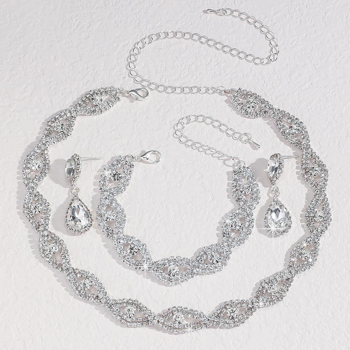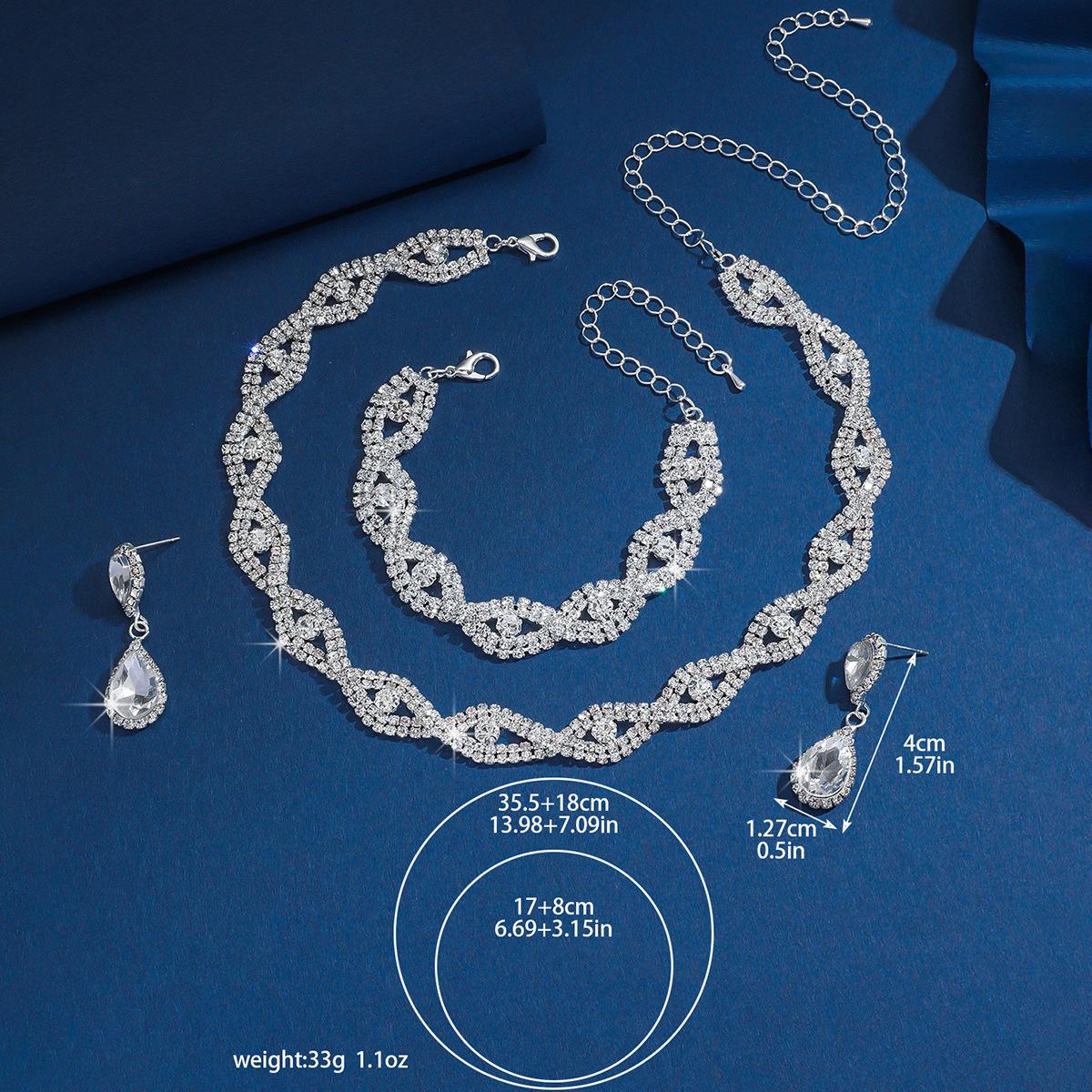 Joyería de novia europea y americana, nuevo collar, pendientes, pulsera, tres piezas, elegante vestido de noche de mujer, accesorios que combinan con todo.
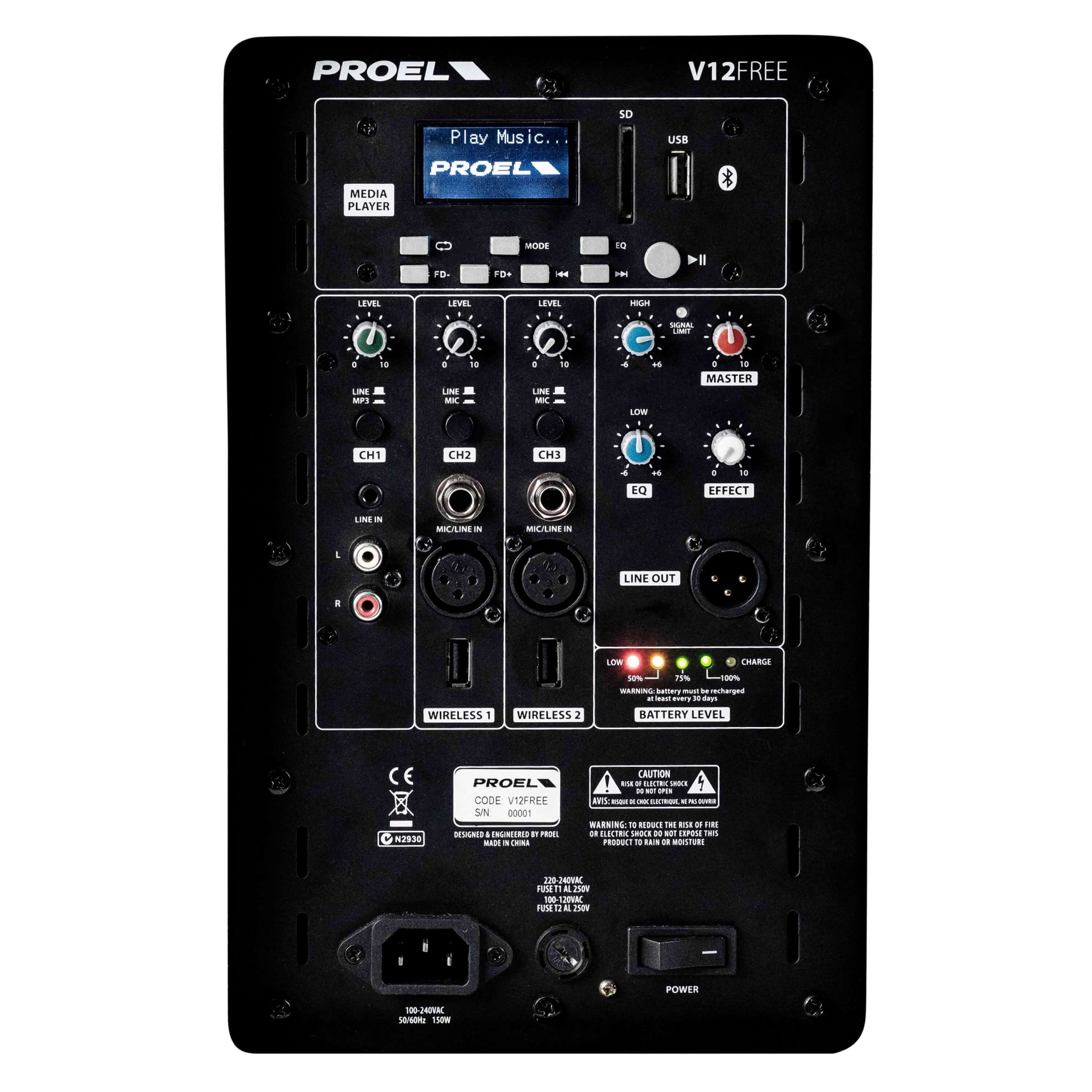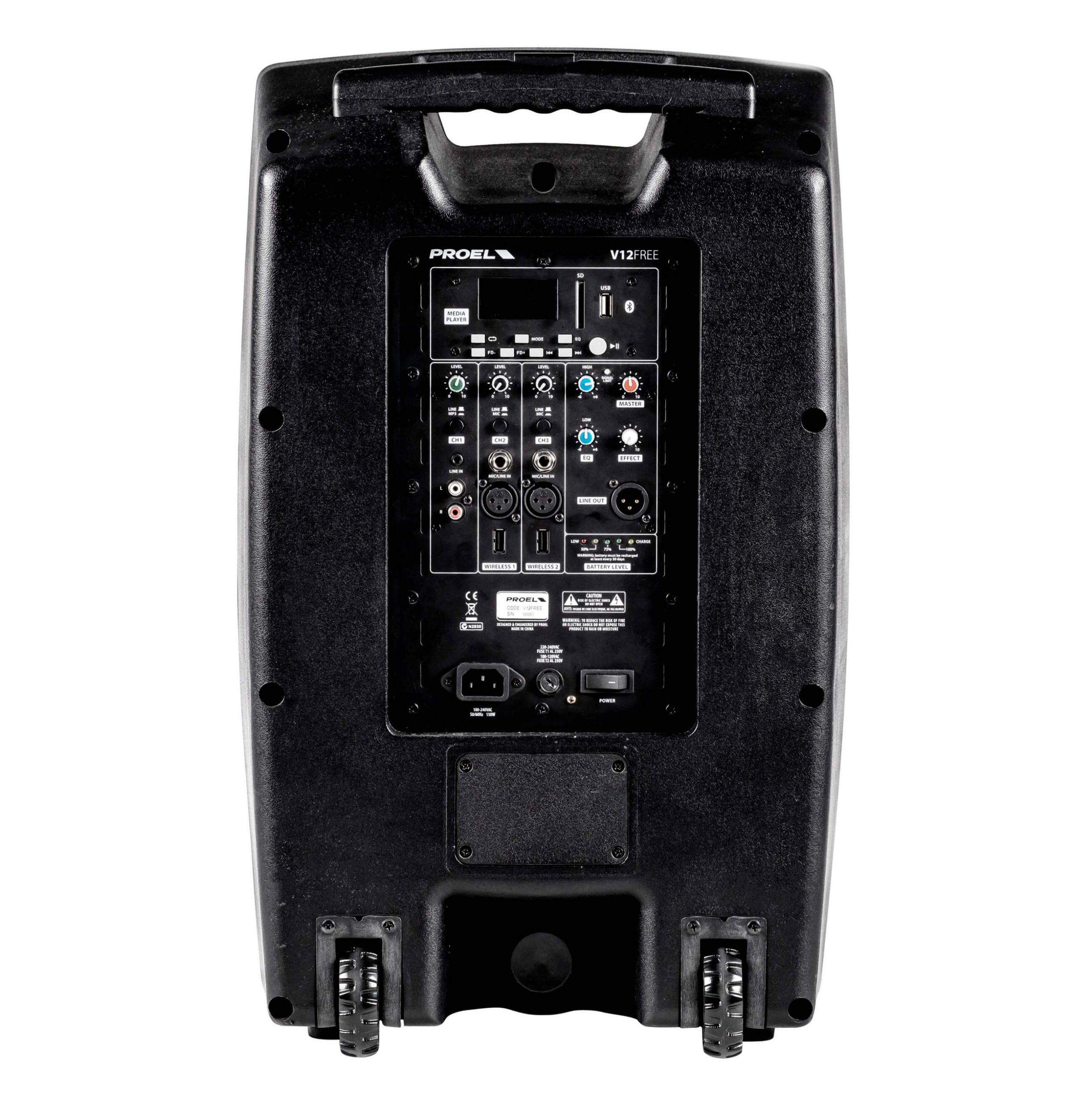 PROEL V FREE systems gives you the freedom to perform your music or play your sound anywhere, with a superb sound quality and without the hassle of laying down cables or finding a power outlet. V10FREE and V12FREE are battery-powered portable sound systems featuring a powerful 400W amplifier, a built-in 3-channel mixer with effect and tone controls and an advanced MP3 player with BLUETOOTH connectivity, featuring a large back-lit LCD display and able to play songs from SD card, USB MEMORY STICK or directly from your smartphone or tablet.
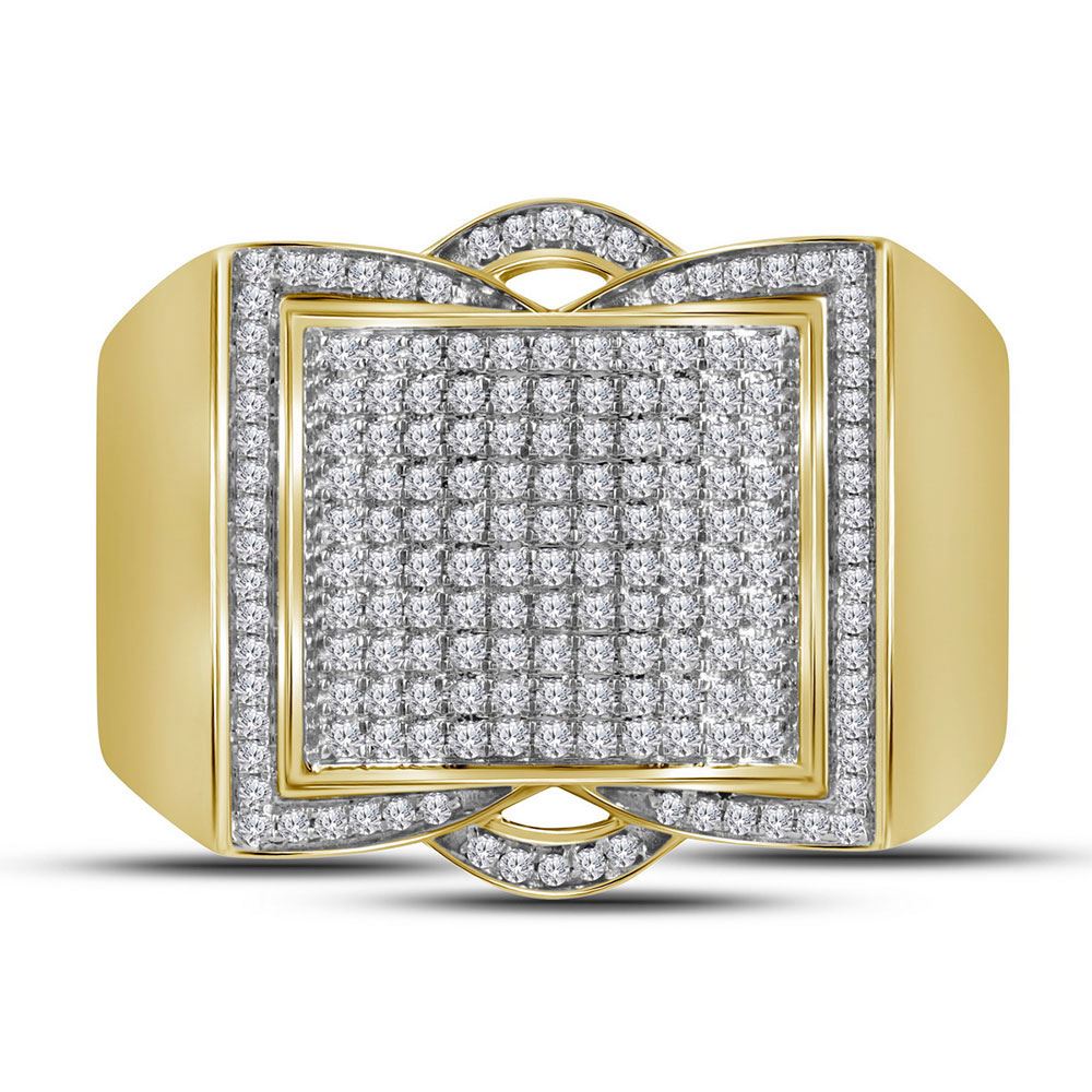 10kt Yellow Gold Mens Round Diamond Framed Square Cluster Ring 1/2 Cttw
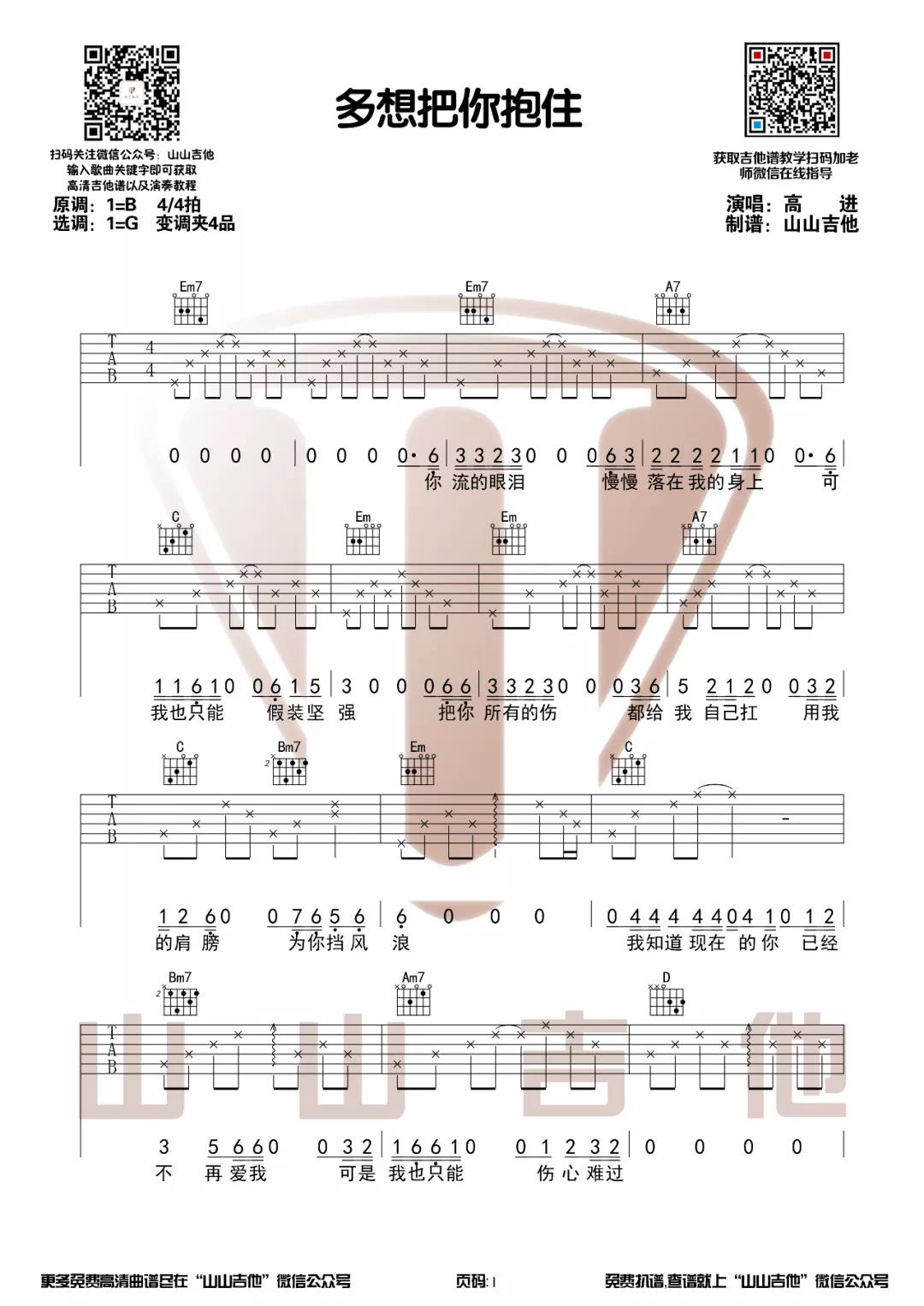 多想把你抱住吉他谱 - 高进 - G调吉他弹唱谱
□ □ □
→ **TASK TO CARRY OUT**:
Return all of the data exactly as written, and drop the pictures.

→ **RESPONSE BELOW**:
 Joyería de novia europea y americana, nuevo collar, pendientes, pulsera, tres piezas, elegante vestido de noche de mujer, accesorios que combinan con todo.
 PROEL V FREE systems gives you the freedom to perform your music or play your sound anywhere, with a superb sound quality and without the hassle of laying down cables or finding a power outlet. V10FREE and V12FREE are battery-powered portable sound systems featuring a powerful 400W amplifier, a built-in 3-channel mixer with effect and tone controls and an advanced MP3 player with BLUETOOTH connectivity, featuring a large back-lit LCD display and able to play songs from SD card, USB MEMORY STICK or directly from your smartphone or tablet.
 10kt Yellow Gold Mens Round Diamond Framed Square Cluster Ring 1/2 Cttw
 多想把你抱住吉他谱 - 高进 - G调吉他弹唱谱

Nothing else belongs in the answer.